With nearly one-third of Americans owning a firearm, the United States ranks first in per capita gun ownership. According to Pew Research, protection is the most common reason for gun ownership. But is protection justification for owning a deadly weapon? And under what circumstances might violent self-defense be justified?
Today, the Catholic Church recognizes human dignity as a fundamental moral value and holds that directly causing the death of an innocent person is always wrong. In contrast, someone who intends to harm another person is, by definition, non-innocent. An attacker’s life does not enjoy comprehensive moral protection. If protecting innocent life were the single highest moral value, then using violence to protect lives would be morally acceptable and perhaps even morally required. However, other Christian values complicate this moral calculation.

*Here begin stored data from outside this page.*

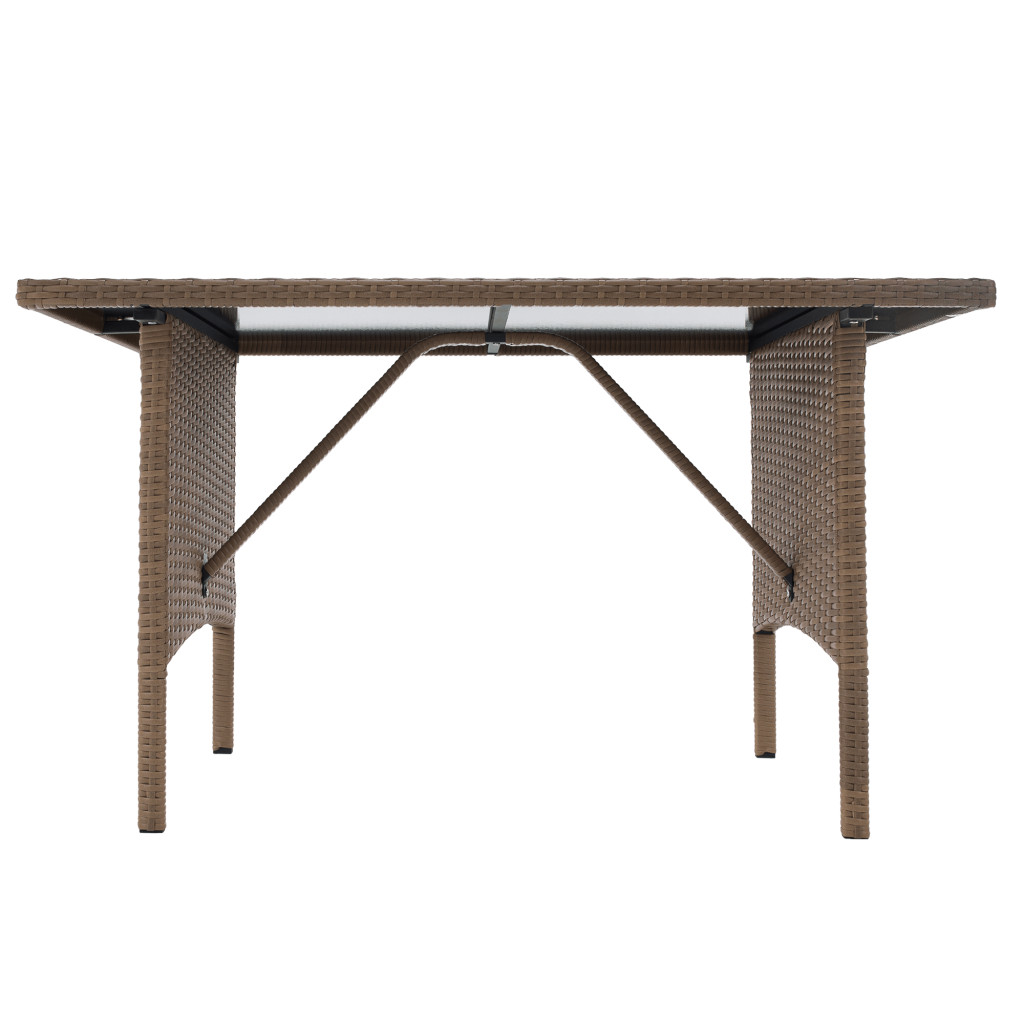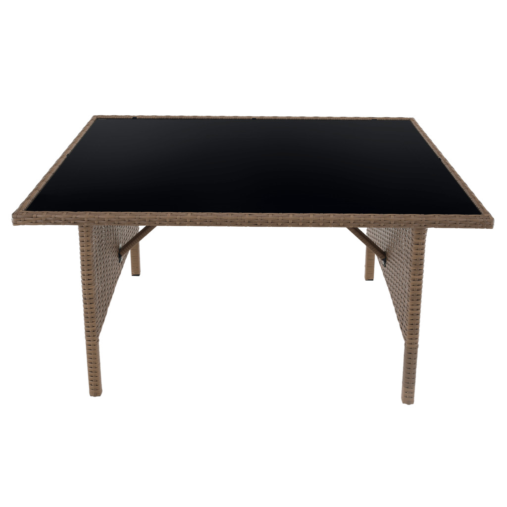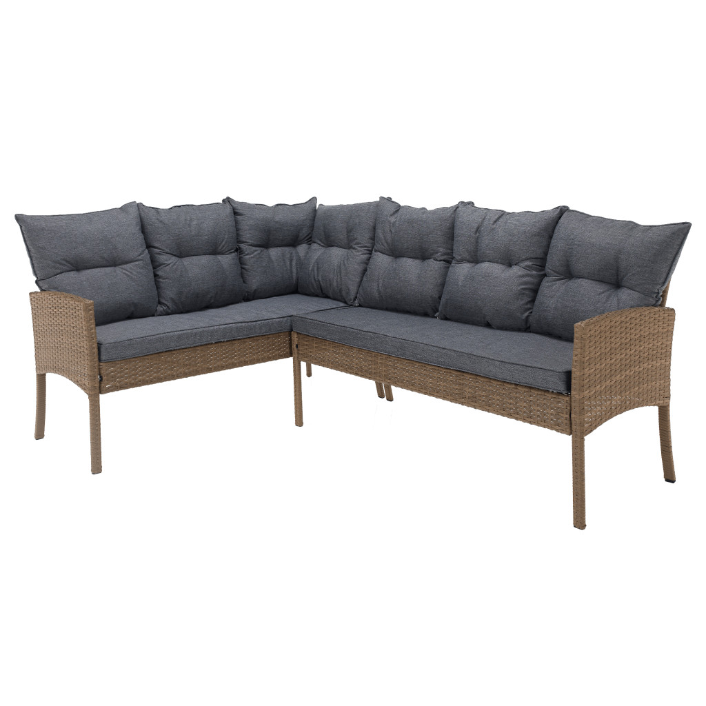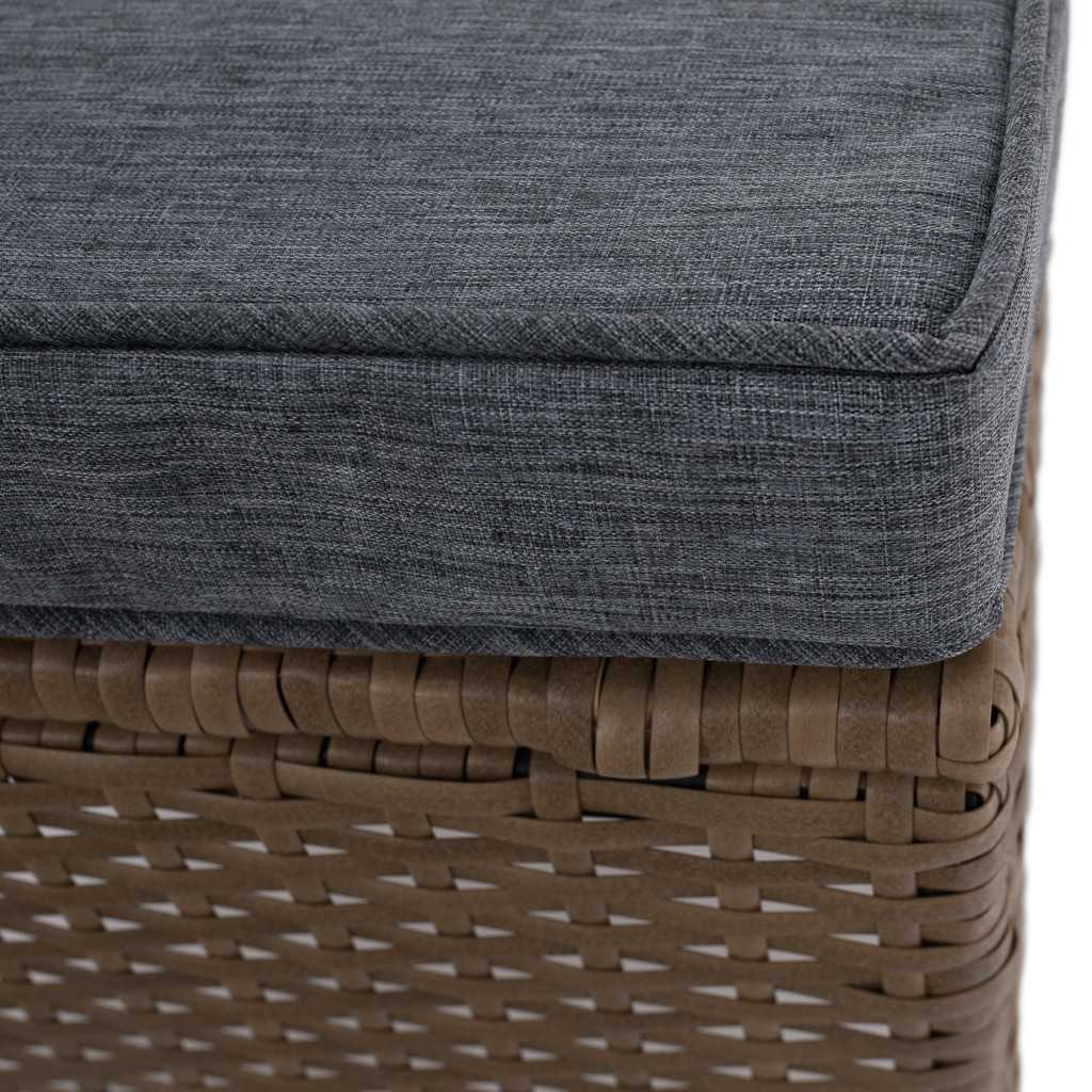 Természetes és világosszürke színű, technorattanból, szövetből, fémből és edzett üvegből készült kerti rattan szett.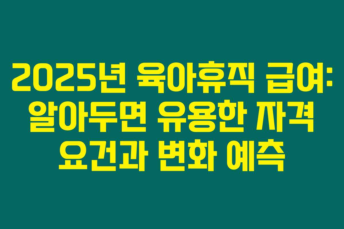 2025년 육아휴직 급여 제도에 대해 제가 직접 체크해본 결과로는, 부모님들이 육아휴직을 준비하는 데 도움이 될 수 있는 정보가 많은데요. 특히 자격요건과 예상 변경사항은 꼭 미리 숙지해 두시는 게 중요해요. 아래를 읽어보시면 육아휴직 급여와 관련된 전반적인 내용을 이해하는 데 도움이 될 것입니다.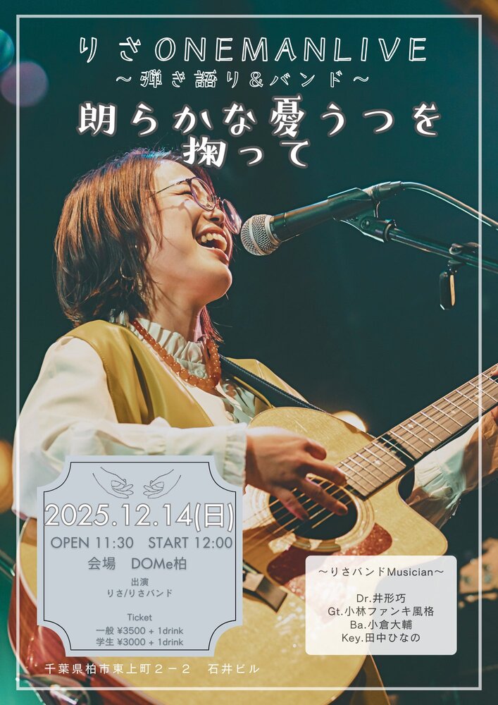 りさ弾き語り&バンドワンマンライブ 『朗らかな憂うつを掬って』 SCHEDULE 2025/12/14(日) 18:11 - 千葉県 DOMe柏 りさ弾き語り&バンドワンマンライブ 『朗らかな憂うつを掬って』 DOMe柏(千葉県柏市) OPEN 11:30/START 12:00 一般¥3500/学生¥3000 (+各1ワンドリク) チケット販売サイト URLをコピーする 報告する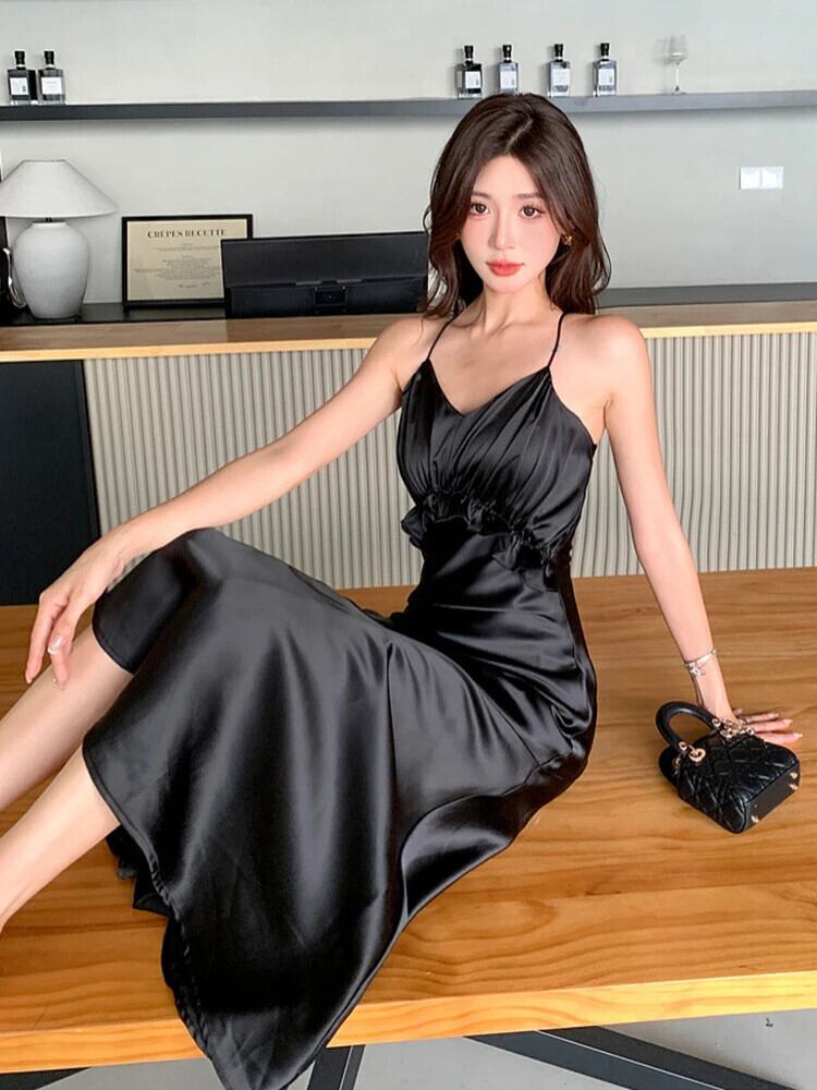 夏黒フリル休暇ホリデードレスセクシースリング V ネック背中開いたスリムミディパーティー誕生日 Vestido ブラック サマー 夏物 Vネック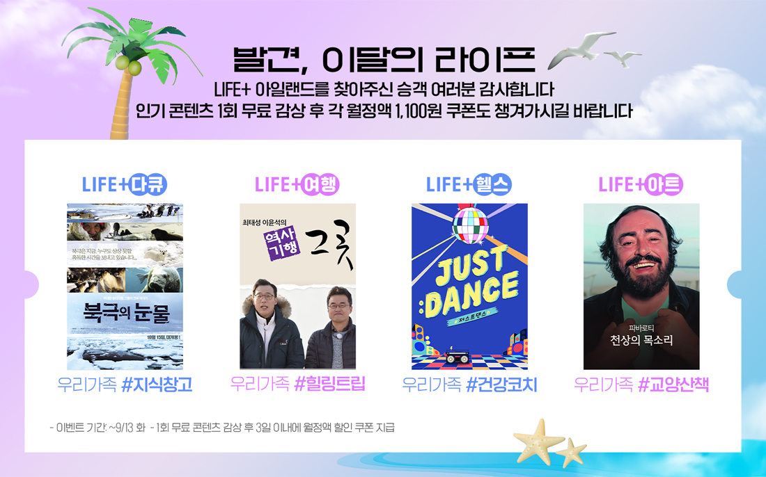 LIFE+ 고객님을 위한 1회 무료 및 월정액 1,100원 할인 쿠폰도 꼭 챙겨가세요.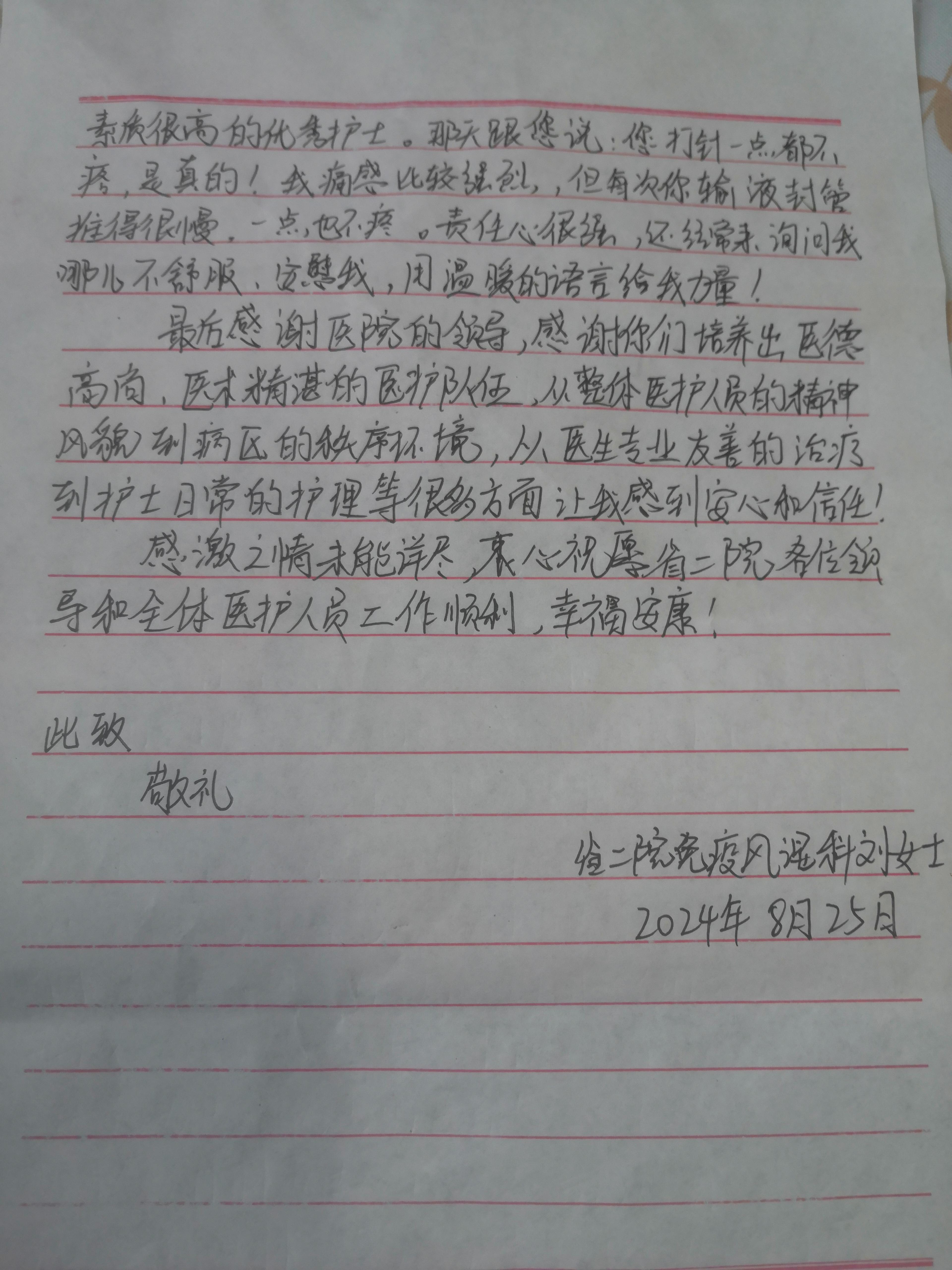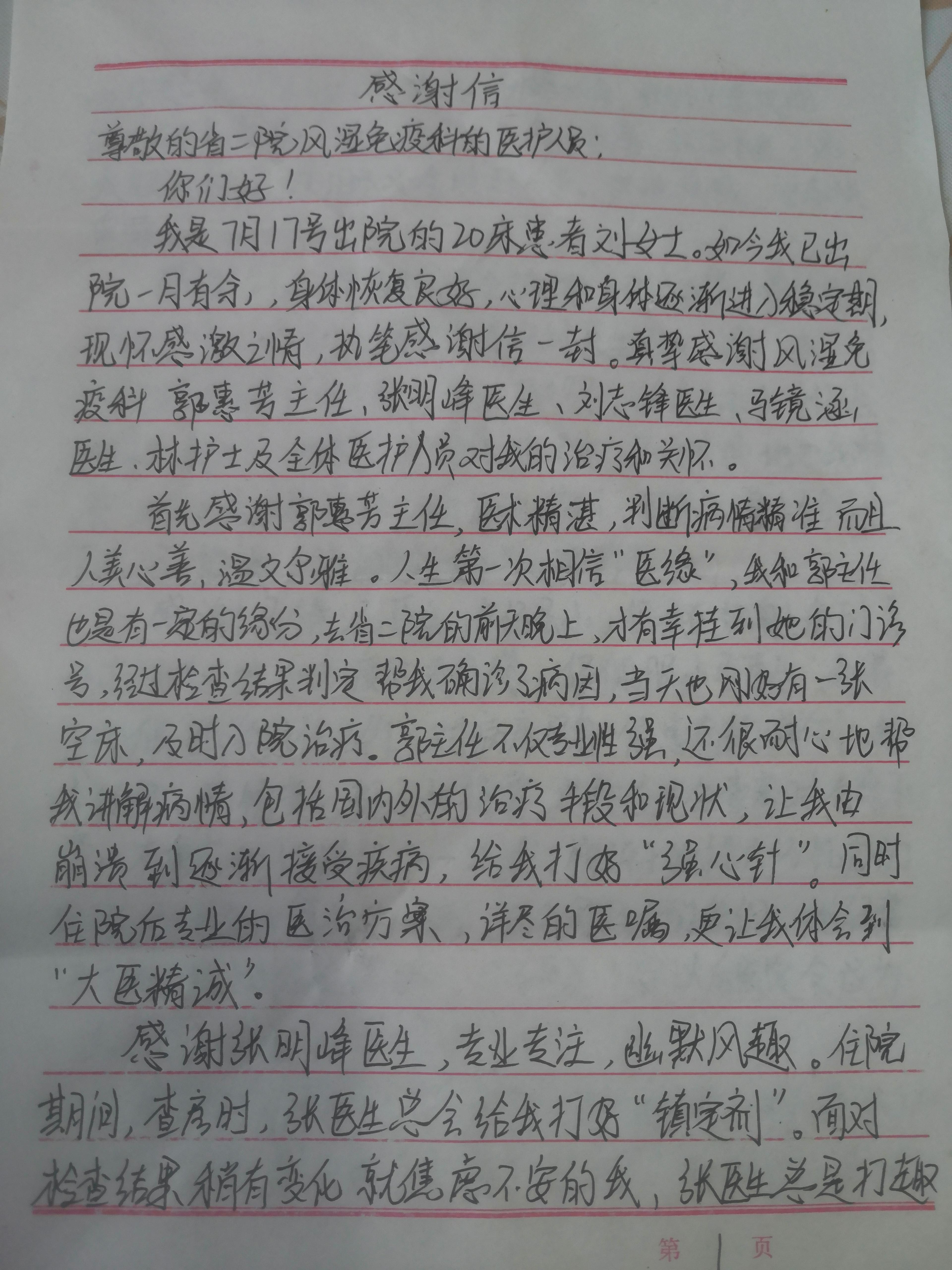 致免疫风湿科郭惠芳主任医疗团队感谢信

Early Christians were not prone to thinking about self-defense as a moral dilemma. Their writings overwhelmingly oppose killing, full stop. Violent self-defense was simply indefensible. Forcefully resisting an attack involves violence and suggests that one values their own life above that of their neighbor (albeit an aggressive neighbor). Christ did not resist arrest, beating, or death, so why should his followers? The early Christians’ embrace of martyrdom can startle modern readers, but such was their confidence in eternal life with Christ as their highest good.
As time went on, Christianity gained social and political power and wrestled more profoundly with the relationship between faith and violence. While both personal and political pacifism remained options, Christianity increasingly accepted the use of force as a possible moral necessity. Thomas Aquinas acknowledged the value of the natural instinct to preserve one’s own life. He judged using necessary violence against an attacker morally justifiable, provided defense was truly the underlying motive.
Aquinas’ qualification stems from a moral insight now known as the “principle of double effect.” This principle observes that single actions can have multiple outcomes. In the case of violent self-defense, these include harming an aggressor and defending innocent life. With lives at stake either way, the morality of the action comes down partially to intention. It is never right to kill when killing is the direct and intended outcome. However, if the act of protecting life also entails the taking of life as an unintended secondary effect, there are times when this may be justifiable.
Today, the church continues to utilize this line of reasoning in teaching that a Catholic may legitimately use deadly force to defend one’s own life or the lives of others. Yet Christians remain called to be peacemakers. Consequently, a Catholic may choose to permit or endure violence. Doing so could witness to the inherent value of all human life. Whatever the case, Christians are always called to uphold inherent human dignity.